Outside, Secret Bay works on a nursery to raise healthy coral to plant in the reefs around the property. Within, they’ve given each villa a “private grow box” to encourage learning about planting, gardening, and composting, and to let guests pick their own garnish and vegetables. It’s a creative program, one the hotel calls an “entirely new education experience” and undeniably fits this place’s priority for wellness and sustainability.
The rest of the experiences have been curated even more arduously, an endless array of activities for the sloth and the spright. The eponymous Secret Beach makes use of a tiny cove, only accessible by sea. The nature trails pass through the local plants, flowers, and trees around which the villas have been built, home to over twenty species of birds, and more butterflies and reptiles. “None of which are dangerous,” the hotel assures. The sea cave is another highlight, where swimmers emerge into a cool and strangely lit grotto. Nearby there’s more to explore over the island, from the local market to the national park, from hiking to scuba diving.
Back on campus, locally sourced or resort-foraged ingredients fill the menu at the hotel’s Zing Zing Restaurant, overlooking the beach, together with sommelier-selected fine wines. Other luxuries can fill out the rest of the day, with a treehouse-style spa, wellness pavilion on the beach for yoga and the like, and a sunset deck available for private dining. The Bwa Denn, opening later this year, is a two-level structure filled with the hotel’s contemporary Caribbean and Latin American art collection and a microbrewery. You can see why Secret Bay recommends at least a five-night stay.

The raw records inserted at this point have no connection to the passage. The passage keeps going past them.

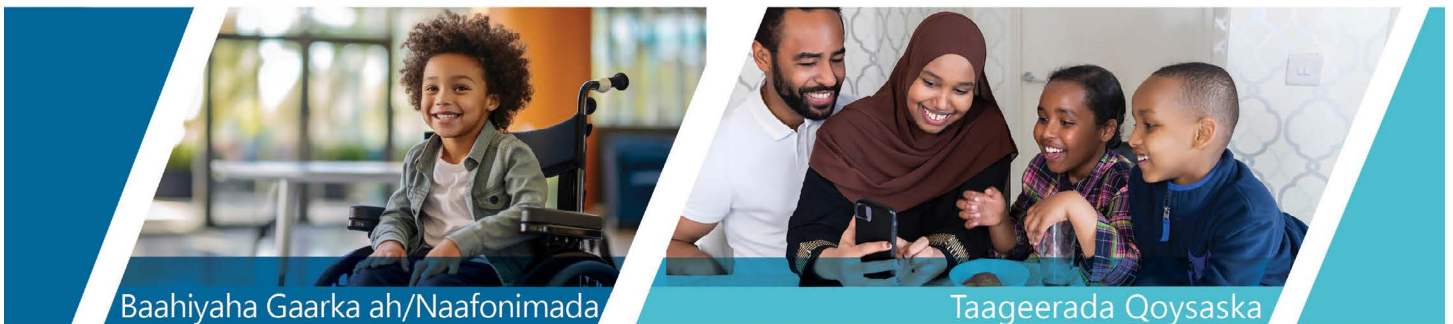
Baahiyaha Gaarka ah/Naafonimada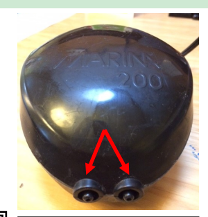
A double outlet aquarium pump is necessary for DIY brewers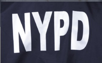
LETTERING ON THE BACK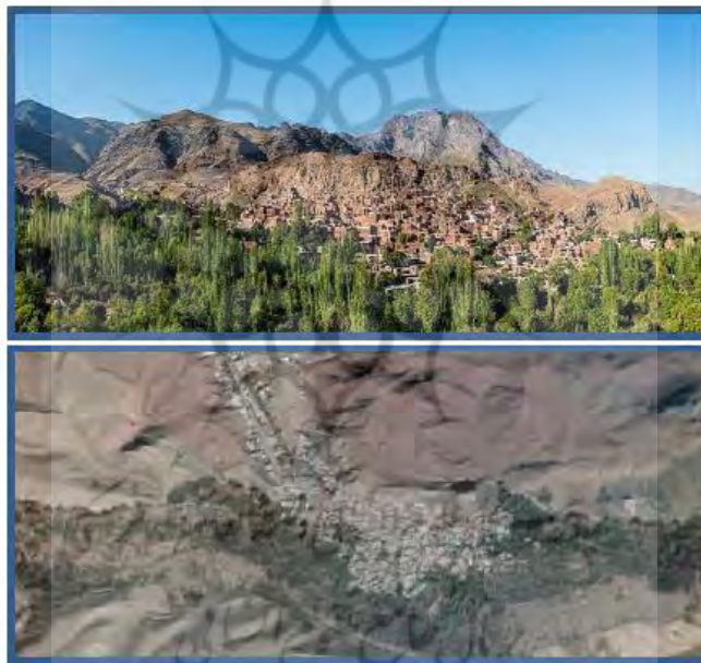
Table 11: Ranking effective dimensions on the creation of a happy city by Friedman Test

windows and often they have porches and underhung wooden balustrade overlooking the narrow and dark alleys which have created a beautiful landscape. The façade of houses is covered with red soil whose mine is adjacent to the village. People are engaged in farming, gardening and animal husbandry by traditional methods. There is no documentation to exactly specify the antiquity of Abyaneh; but it is estimated that it has a history of 1500- years old and it is known as one of the oldest human habitats on the edge of the desert of Iran. The monuments of Abyaneh date back to the Sassanid, Seljuk, Safavid and Qajar periods which indicate the antiquity of this habitat.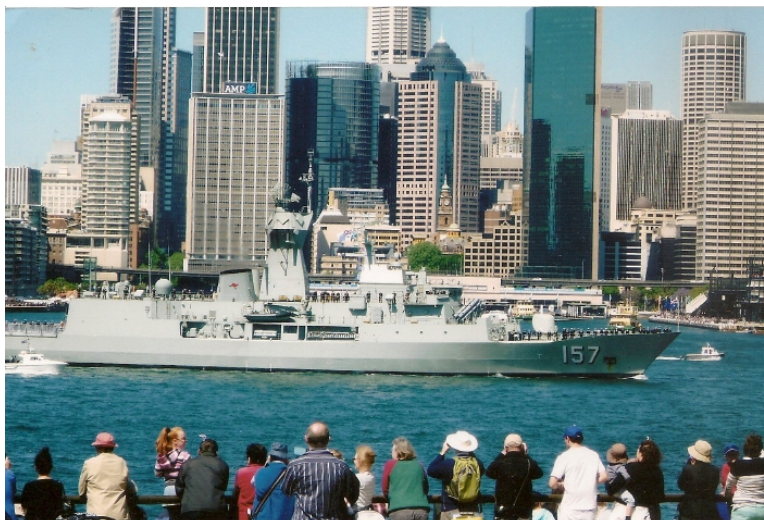
HMAS Perth-III at the 2013 International Fleet Review, Sydney, Australia.

There are still 3 survivors who live in with 2 still alive in received very special Captain of HMAS Goddard, who has of Mum and Dad. We have been included in celebrations..." –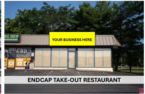
ENDCAP TAKE-OUT RESTAURANT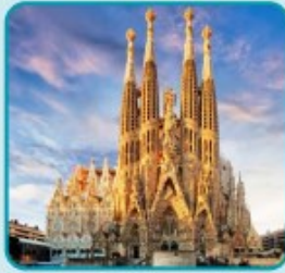
La Sagrada Família, Barcelona (Antoni Gaudi)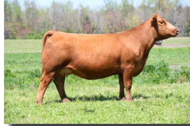
ELCX EMPOWER 983E - Lot 55

Consignor: EDWARDS LAND & CATTLE COMPANY, BEULAVILLE, NC

“One of our guests’ favorite activities is the ‘Catch & Cook,’” the hotel tells Tablet. An activity that begins with a spearfishing hunt for the bewitching lionfish and ends with its step-by-step preparation for dinner. The activity “helps the local ecosystem by stabilizing the number of lionfish,” the hotel explains, an invasive and predatory species whose numbers must be reduced. On Dominica and Secret Bay, even our most destructive instincts have been diverted for the good of the island. It’s all natural, baby.